MIDI messages are processed in real time, i.e. when a MIDI synthesizer receives a note-on message, it plays the appropriate sound, and stops this sound when the corresponding note-oﬀ message is received. Similarly, when a key is pressed on the musical instrument keyboard, the note-on message is immediately generated, as well as the note-oﬀ message is generated when this key is then released. Therefore, no timing information is transmitted with the MIDI messages in the real time applications.
2.2.3 Standard MIDI Files However, in order to store the MIDI data as a data ﬁle, time-stamping of the MIDI messages must be performed to guarantee playback in a proper time sequence. In other words, each message is assigned a value of time in the SMPTE format (hours : minutes : seconds : frames) and the resulting speciﬁcation is referred to as the Standard MIDI File (SMF) format. In addition to that, the SMF speciﬁcation further deﬁnes three MIDI ﬁle formats, because the MIDI sequencers can generally manage multiple MIDI data streams, called tracks.
• MIDI Format 0 stores all MIDI data in a single track, although it may represent several musical parts at diﬀerent MIDI channels.
• MIDI Format 1 stores MIDI data as a collection of tracks (up to 256), each musical part separated in its own track.

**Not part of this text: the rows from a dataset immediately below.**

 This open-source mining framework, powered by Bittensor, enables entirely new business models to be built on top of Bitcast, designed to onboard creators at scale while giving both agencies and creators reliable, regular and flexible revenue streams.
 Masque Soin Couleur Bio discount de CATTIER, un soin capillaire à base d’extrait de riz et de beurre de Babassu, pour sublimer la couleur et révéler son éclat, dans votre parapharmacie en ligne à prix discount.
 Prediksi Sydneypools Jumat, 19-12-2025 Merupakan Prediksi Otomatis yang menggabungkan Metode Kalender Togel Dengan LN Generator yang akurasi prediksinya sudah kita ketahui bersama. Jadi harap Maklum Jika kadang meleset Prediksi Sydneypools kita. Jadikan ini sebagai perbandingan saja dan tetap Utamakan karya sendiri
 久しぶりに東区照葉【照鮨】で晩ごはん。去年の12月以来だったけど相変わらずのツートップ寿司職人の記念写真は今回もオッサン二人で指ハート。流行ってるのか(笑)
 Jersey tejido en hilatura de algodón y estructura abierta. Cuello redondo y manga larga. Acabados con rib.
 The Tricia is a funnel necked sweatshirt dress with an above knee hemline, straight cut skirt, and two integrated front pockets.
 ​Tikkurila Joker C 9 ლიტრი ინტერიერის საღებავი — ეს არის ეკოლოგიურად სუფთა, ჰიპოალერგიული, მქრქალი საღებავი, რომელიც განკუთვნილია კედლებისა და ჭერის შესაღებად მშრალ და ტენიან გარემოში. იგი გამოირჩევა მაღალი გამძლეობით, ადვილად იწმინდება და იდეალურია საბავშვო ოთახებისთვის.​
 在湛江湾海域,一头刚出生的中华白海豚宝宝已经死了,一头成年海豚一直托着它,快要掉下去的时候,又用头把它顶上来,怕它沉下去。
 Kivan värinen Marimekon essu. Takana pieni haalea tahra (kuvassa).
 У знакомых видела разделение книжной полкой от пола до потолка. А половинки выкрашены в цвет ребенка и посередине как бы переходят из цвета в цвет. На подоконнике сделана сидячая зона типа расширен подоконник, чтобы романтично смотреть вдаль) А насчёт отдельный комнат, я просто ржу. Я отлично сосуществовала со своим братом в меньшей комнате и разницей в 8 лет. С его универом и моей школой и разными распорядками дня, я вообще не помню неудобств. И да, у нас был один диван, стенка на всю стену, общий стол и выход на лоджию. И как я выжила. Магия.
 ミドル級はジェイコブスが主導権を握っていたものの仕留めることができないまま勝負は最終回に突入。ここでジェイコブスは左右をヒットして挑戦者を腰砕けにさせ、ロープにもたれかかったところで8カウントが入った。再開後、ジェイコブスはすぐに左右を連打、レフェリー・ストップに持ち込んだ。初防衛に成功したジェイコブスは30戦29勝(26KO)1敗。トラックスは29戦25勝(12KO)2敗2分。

• MIDI Format 2, which is relatively rare and often not supported, can store several independent songs.
Since this work is concerned with the monophonic audio, only the MIDI Format 0 is used and the terms track and MIDI channel are interchangeable.
It should also be noted that the MIDI ﬁles can be converted by the MIDI File Format Conversion Utility provided by [Glatt2004].
Finally, a MIDI ﬁle can also be understood as a ”musical version” of an ASCII text ﬁle, except that it contains binary data. Indeed, [Glatt2004] also oﬀers the MIDI File Dis-Assembler Utility converting a MIDI ﬁle to a readable text, which can then be edited in a text editor and converted back to a modiﬁed MIDI ﬁle.
2.3 MIDI File Representations Although there are many diﬀerent types of MIDI messages, this work is concerned only with the note-on and note-oﬀ messages carrying the musical notes data, and hence comprising most of the traﬃc in a typical MIDI data stream. The remaining MIDI messages are applied mainly for hardware tasks, such as selecting which instrument to play, mixing and panning sounds, and controlling various aspects of electronic musical instruments.